COLONEL.UNP is our man and he's been captured in an archive complete with a timestamp: January 27 1990. The Colonel's Bequest's floppy disks are stamped December 13 1989 so now we're within 45 days of the game being finished. Sabotaged from the start. I can't believe it all traces back to this little text file. It's anonymous of course, it's not like I ever expected to put a real name to the saboteur, but maybe I should have? Now that I knew what to look for I quickly turned up more of these "unprotect" text files, but this time by more onymous authors. COLBEQST.UNP by "The Lonestar" is a lengthy guide to typing 49 bytes and was written on December 23 1989, only 10 days after Sierra compiled the game. CB-UNP by "Super Dave" is another data entry hexercise and appears in an August 4 1990 archive but it's the most ambitious. Dave included his full name, a home address, and an ad for his debugger so that you can crack just like him. $40 plus shipping to South Carolina, Wassup! I followed both instructions to see how they worked. The Lonestar injected code to patch the exit script and Super Dave injected code to patch the keyboard script. These are the exact cracks we just saw in NeverLock, Locksmith, and Patcher from years later, so now we know where those programs got their goods.

We've traced the source of the one-byte crack across three decades along with its contemporaries. If only one of the others had been copied into oblivion instead! They weren't perfect but at least they didn't have global side effects. That correctness lost out to complexity. Typing one byte instead of fifty is a world of difference and brevity got the simpler instructions physically published twice. It's not surprising that that's what was laying around when it came time to zip up the world and dump it on the web. There's a lesson in there, and while it's a stretch to claim it's Worse Is Better, it's also too funny not to.

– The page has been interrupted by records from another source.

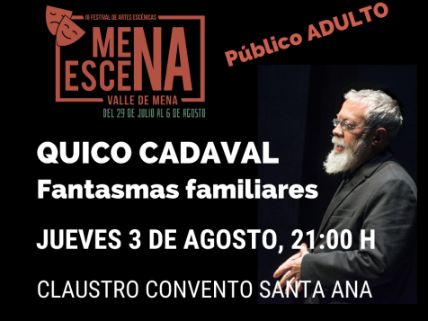 III Festival MenaEscena: Quico Cadaval, narrador oral, nos trasladará las historias de su Galicia natal con sus Fantasmas familiares para comprobar si las historias de la tradición oral son universales. Historias que se deformaron poco a poco, transformando un espectáculo de narración a las circunstancias ambientales, inclemencias del clima, las experiencias personales del artista y los terrores más íntimos del público. Por sus transitan espectros, valientes, milagreiros, pescaderas, marineros, mitos del rock, líderes religiosos, taberneras, reyes, golpistas, presos, adivinos, sicarios, prostitutas, agentes del orden, industriales, cantantes melódicos, ganaderos, pero no es seguro que aparezcan todos. Quico Cadaval demuestra desde el escenario que el acto de contar historias es una forma de conversación, aunque uno hable mucho más que los otros. Quico Cadaval ha paseado a sus fantasmas por prestigiosos festivales como el de Bucaramanga de narración oral en Colombia, Déjame que te Cuente, en Lima, Festival de Teatro de Almada, en Portugal, Festival Iberoamericano de Teatro de Bogotá, La Feria del Libro de La Habana.
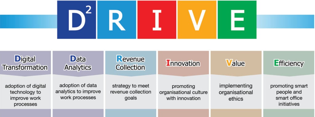 กรมสรรพากรมองว่าหน่วยงานนี้จะเป็นหน่วยงานจัดเก็บภาษีชั้นนำที่ขับเคลื่อนด้วยนวัตกรรมเทคโนโลยีดิจิทัลที่ทันสมัยและเหมาะสม และบุคลากรที่รู้รอบและเป็นเลิศทางด้านเทคโนโลยีดิจิทัล ซึ่งปัจจัยเหล่านี้จะช่วยสร้างเสถียรภาพทางการคลังและเสถียรภาพของการบริหารของรัฐ ซึ่งกรมสรรพากรได้กำหนดตัวชี้วัดจากวิสัยทัศน์ขององค์กรไว้ 3 ข้อ คือ การจัดเก็บและคาดการณ์เม็ดเงินภาษีได้แม่นยำมากขึ้น การส่งเสริมกิจกรรมเชิงพาณิชย์หรืออุตสาหกรรมโดยมาตรการทางภาษีได้อย่างตรงจุด และการเพิ่มประสิทธิภาพในการให้บริการประชาชนอย่างตรงใจ วิสัยทัศน์ดังกล่าวก่อให้เกิดยุทธศาสตร์เชิงรุกในนามว่า “D2RIVE” ซึ่งมาจากตัวอักษรย่อที่ประกอบไปด้วย Digital Transformation, Data Analytics, Revenue Collection, Innovation, Values, และ Efficiency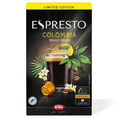 Această ediție limitată, de origine unica, este făcută din boabe 100% Arabica, cultivate în Columbia. Aroma fructată și plină de savoare este însoțită de o prăjire blândă și o aciditate plăcută. Toate acestea transformă această cafea lejeră într-un adevărat răsfăț columbian.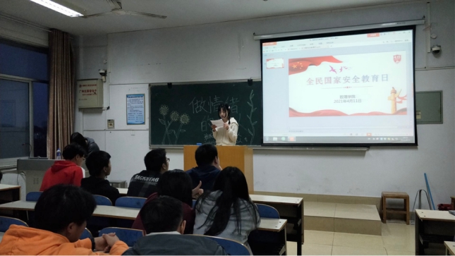 本网讯(学生记者/李梦瑶)为了引导大学生树立安全意识和能力,更好地掌握安全知识。4月11日,我院在13教511举办了“国家安全教育日”主题班会。此次班会由20经数班黄桂梅同学主持,20级全体学生参加。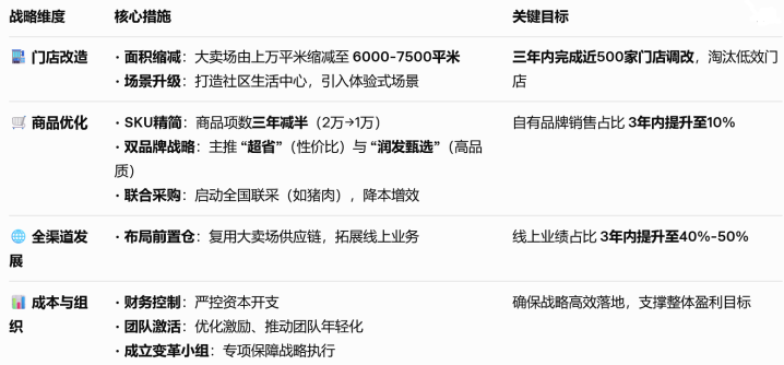 门店调改规模空前。公司计划三年内对近500家门店进行结构性调整,把大卖场面积压到6000-7500平方米。今年要改30多家,明年累计超过200家。对一家本就缺乏增长的企业而言,这意味着长期处在“营业被施工吞噬”的状态。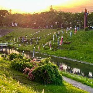 今日は子どもの日でしたね♪ 利根運河に鯉のぼり飾り◌𓈒🎏𓂃 𓈒𓏸◌゜ 夕方のショットになってしまいましたがせっかくなので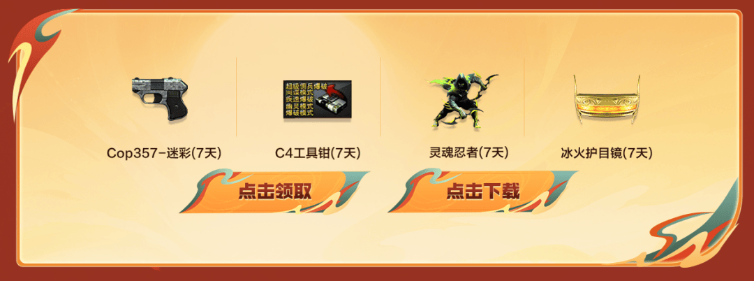 核心道具奖励:COP357-迷彩(7天)、C4工具钳(7天)、灵魂忍者(7天)◆▼□、冰火护目镜(7天)

Here in the future we really can do better. A proper crack would patch the resources instead of the interpreter, always work, and avoid altering any original files. Sierra's interpreter supports this exact feature through patch files. When any SCI game starts, it looks at all the files in its directory, and if any are named after individual resources then they get used instead of the real ones. If it were me, I'd extract script 414 with a tool like SCI Companion, name it SCRIPT.414, and then patch all three instances of 30 08 00 to 30 00 00. That would cause the keyboard, mouse, and joystick handlers to accept any answer, work in all emulators, and even work on the Amiga and Atari ST versions. Drop that file in the game directory and you'd be all set. I mean, you know, it's just a theory.

Southern Belle Easter Egg
This easter egg is only supposed to occur 5% of the time

Case Cracked! This time we really are done with The Colonel's Bequest. We've pulled back the curtain on the Sleuth-O-Meter and put a name to the sabotage that's kept us from playing the same game from the very beginning. I am finally satisfied with the explanations at hand and I hope you are too. It's not quite the mystery the Queen Mum intended, and I don't expect her to approve of this part, but it's the case we've been given. In those regards it's similar to a real case. Clients have their agendas but all you can do is follow the leads, be patient, and above all be lucky. At least, that's been my experience, so if you can pull that off then you too can be a successful intercontinental private detective.